The highlight of any of my stays in the hospital was when my mom came to visit. Usually she would come early in the morning and stay until after the notice rang over head, "Visiting hours are over." During the day mom would read to me. One time, as there was nothing else to read, she read a story from reader's digest. The story was too complex for me to understand (or maybe I was too hyped up from all the medicines I was on to treat my asthma) and had trouble paying attention to the story. However, I loved to hear my mom's voice. Hearing mom's voice was therapeutic. It was almost as therapeutic as Sus-Phrine. There is just something soothing about hearing your mom's voice as she is reading a story. It is so relaxing. I loved it when she did it, and wish she would have more often. However, in our busy household, about the only times I remember her reading to me was in the doctor's waiting room or when I was in a hospital be. That's fine. I will take those memories wherever I can get them.

So mom left one day when i was eleven. A respiratory therapist name Star came into my room. She was a young therapist. She was really nice. I liked her probably because she would actually pay attention to me. She would sit on the edge of the bed and watch TV with me. One time I was flipping through the stations and came to a channel with some naked Aborigines. I started to turn the channel, but Star told me to keep it on this station. I wasn't interested in learning about them, but she was. I was too busy laughing. She kind of scolded me for laughing at them. I didn't do it intentionally, i was just giddy. It was probably from all the medicines I was strung on.

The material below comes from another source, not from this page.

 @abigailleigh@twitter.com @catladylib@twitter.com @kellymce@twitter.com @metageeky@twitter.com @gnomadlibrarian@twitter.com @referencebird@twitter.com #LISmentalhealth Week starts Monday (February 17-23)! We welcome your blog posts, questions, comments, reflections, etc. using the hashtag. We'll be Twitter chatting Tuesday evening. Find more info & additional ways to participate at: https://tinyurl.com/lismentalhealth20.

The next day mom brought my brothers to visit me. Mom had to take them home. When mom left I went to look out the window. This was when Star entered my room. She gave me my treatment, and then said "Let's play some cards." Of course, there was a deck of cards that mom brought me on my table. I don't remember what game we played, but she stayed in my room for quite some time. It was nice to have the company. I was so happy to have a therapist who paid attention to me like this. But, there was a page overhead, and she had to rush out of the room. Still, it was nice that she helped me pass the time.

Sixteen year's later, when I was hired at Memorial Medical Center in Ludington as a respiratory therapy, Star became my co-worker. Star would later tell me I was a very excitable kid.